■ What to work on ■
Copy exactly, and only, the lines from the one with "モデル犬:トイプードル7キロ、Mサイズ着用" to the end of the listing; omit pictures.

■ Raw data ■
# # # # #

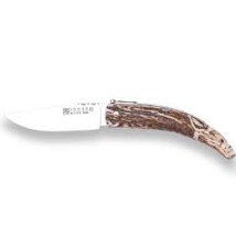 Navaja Joker de punta de ciervo tallada a mano con motivo Macho Montés (8 cm)
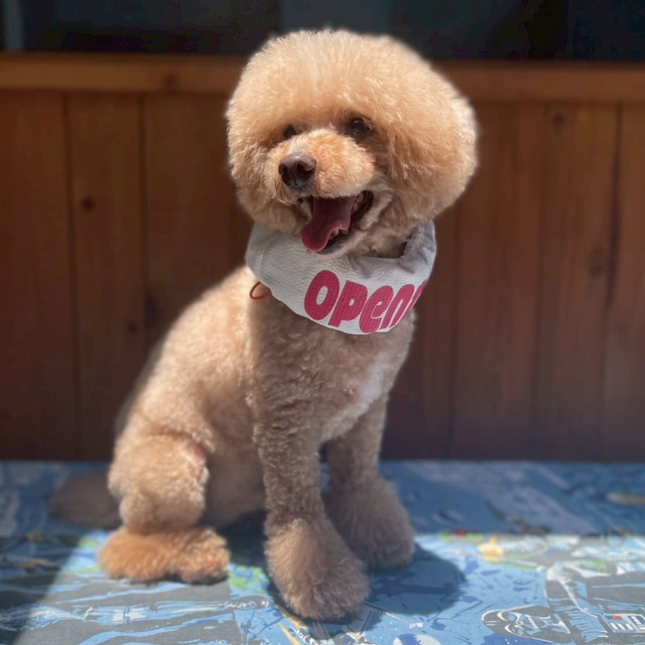 モデル犬:トイプードル7キロ、Mサイズ着用
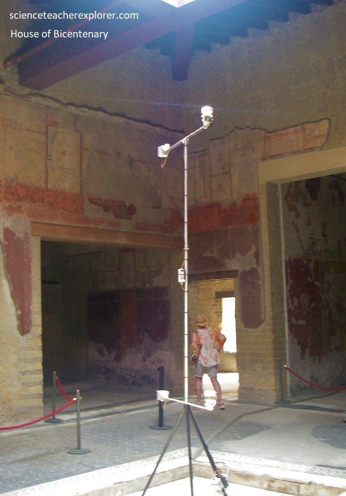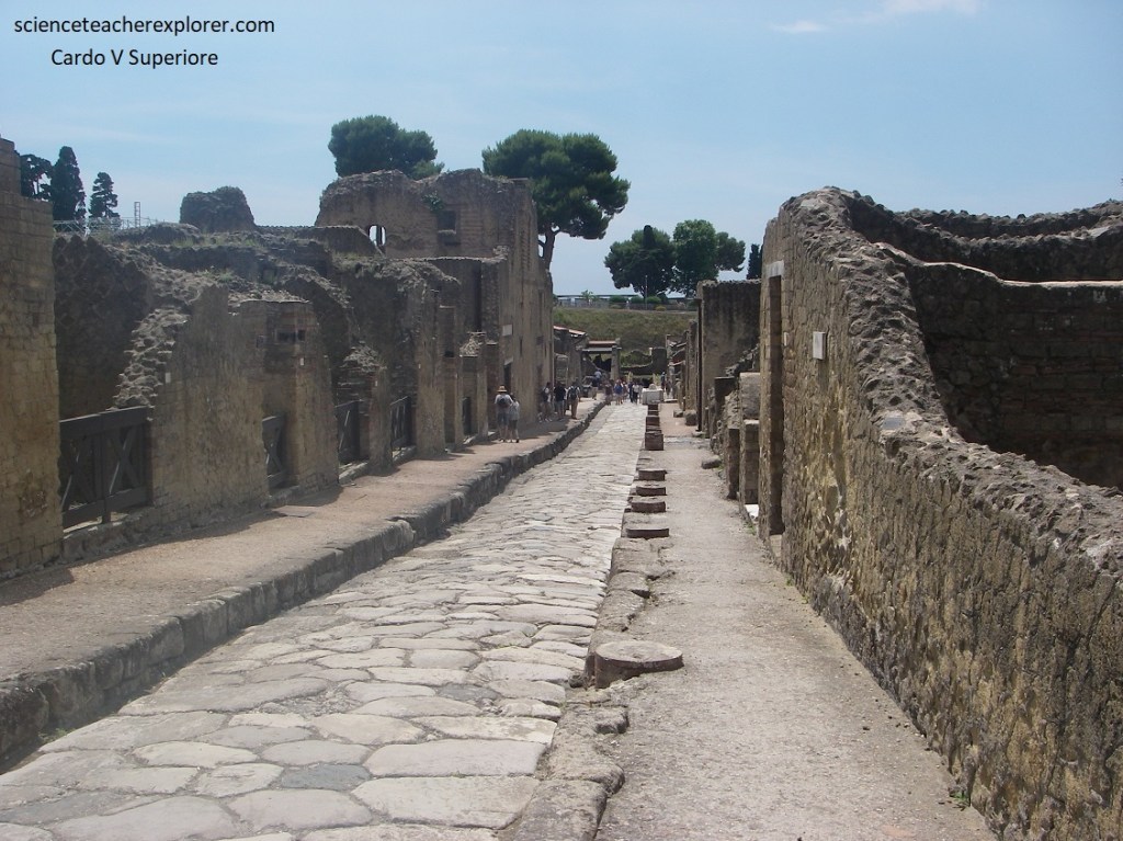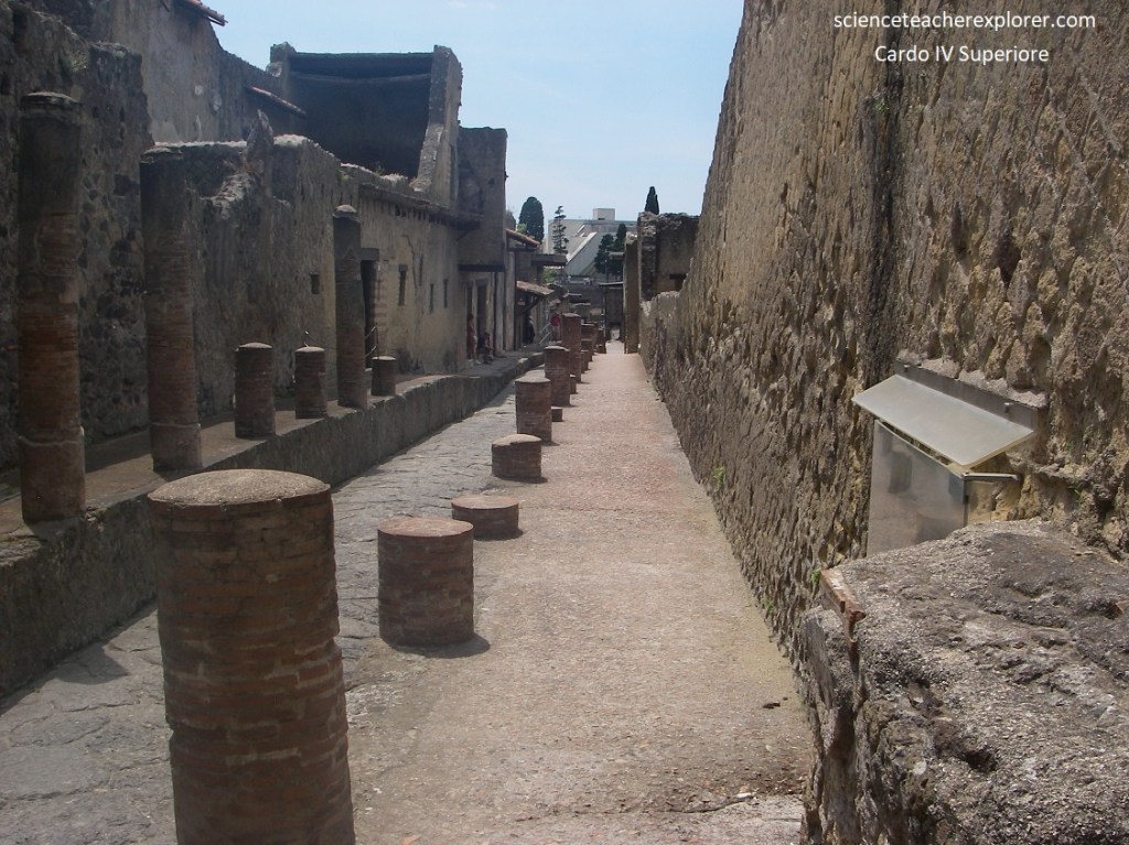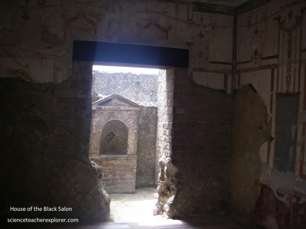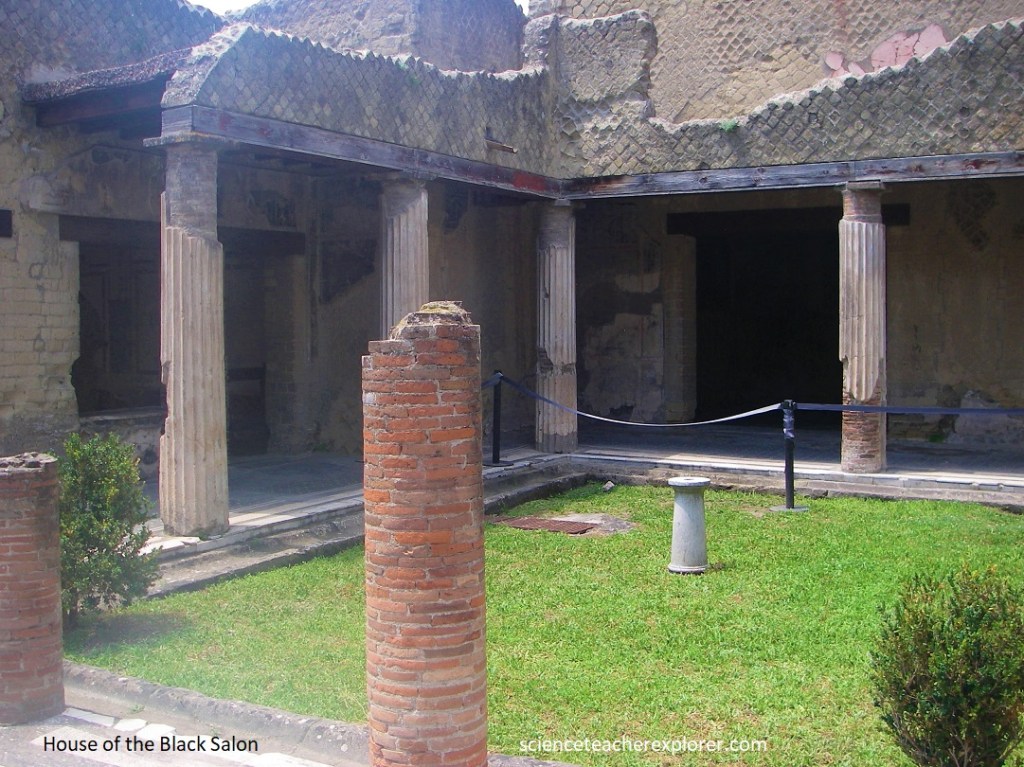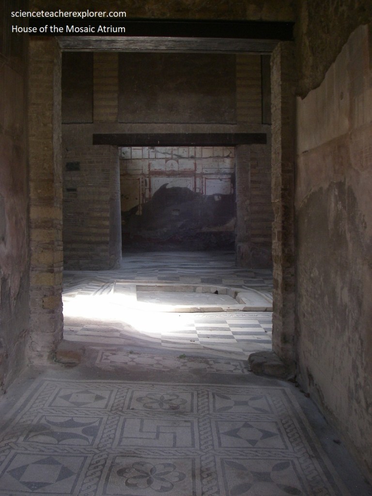 Pictured below, we started our trek from the south-western end of Cardo IV, at the House of the Mosaic Atrium, (Casa dell’Atrio o Mosaico), one of the grandest Herculanean villas whose atrium (the inner courtyard which brought light to the surrounding rooms) still preserves its lovely black-and-white mosaic floor.

# # # # #

■ Solution to this problem ■
 モデル犬:トイプードル7キロ、Mサイズ着用
 Pictured below, we started our trek from the south-western end of Cardo IV, at the House of the Mosaic Atrium, (Casa dell’Atrio o Mosaico), one of the grandest Herculanean villas whose atrium (the inner courtyard which brought light to the surrounding rooms) still preserves its lovely black-and-white mosaic floor.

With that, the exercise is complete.